As an invited representative of the United Nations International Geoscience Program, Dr. Chris Groves addresses the conference opening ceremony with remarks about the status of China/U.S. cooperation in karst science. (Photo by Su Luxuan).

The conference, sponsored by the United Nations Educational Cultural and Scientific Organization (UNESCO) and the China Geological Survey, attracted 138 scientists and students from 13 countries. The meeting was held at UNESCO’s International Research Center on Karst, with support of the Institute of Karst Geology and Ministry of Land and Resources.

The conference highlighted international efforts to understand how climate change may be impacting water resources from karst aquifers. These aquifers have been estimated to supply one-fourth of the world’s population with drinking water. Karst areas like those in southcentral Kentucky are landscapes developed on soluble rock such as limestone where caves, sinkholes and underground rivers are common. There are often difficult water access and quality challenges in these regions.

Dr. Groves discussed perspectives on how water planners in the United States are factoring karst-related geological processes into strategies for climate change adaption. He concluded that, so far, the U.S. is fortunate to have a geography and climate such that there are relatively few people relying directly on karst aquifers, with notable exceptions in Texas and Florida.

In another session, Dr. Groves reported on progress in cooperative U.S./Chinese research, funded jointly by WKU’s Research and Creative Activity Program (RCAP) and the government of China’s Guangxi Province, which is trying to better quantify the removal of CO2 gas from the atmosphere that accompanies karst landscape evolution. Two sister monitoring sites are serving as reference sites for an eventual global network of such measurement stations: one is in China and the other at Lost River Cave in Bowling Green.

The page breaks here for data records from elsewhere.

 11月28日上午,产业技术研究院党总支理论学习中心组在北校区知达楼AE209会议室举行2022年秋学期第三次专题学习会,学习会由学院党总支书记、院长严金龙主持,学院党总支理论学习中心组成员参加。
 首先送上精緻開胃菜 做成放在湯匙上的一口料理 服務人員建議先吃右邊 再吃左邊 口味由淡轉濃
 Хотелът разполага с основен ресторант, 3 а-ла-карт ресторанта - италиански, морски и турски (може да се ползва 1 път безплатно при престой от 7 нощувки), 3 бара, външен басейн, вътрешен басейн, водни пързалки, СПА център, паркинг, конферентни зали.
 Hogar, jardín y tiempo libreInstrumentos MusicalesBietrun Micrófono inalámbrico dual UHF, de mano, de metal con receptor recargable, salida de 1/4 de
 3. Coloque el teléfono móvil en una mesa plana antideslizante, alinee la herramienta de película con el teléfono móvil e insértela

Geography and Geology Department Head David Keeling, noted that “Dr. Groves’ ongoing work in China is part of the Hoffman Institute’s international strategies to engage students, faculty and communities in conversations and research about critical water resource issues. From China to Belize, the Caribbean to Europe, and to points across the U.S., Dr. Groves’ team is focusing new technologies and techniques on this planet’s most precious natural resource: water.”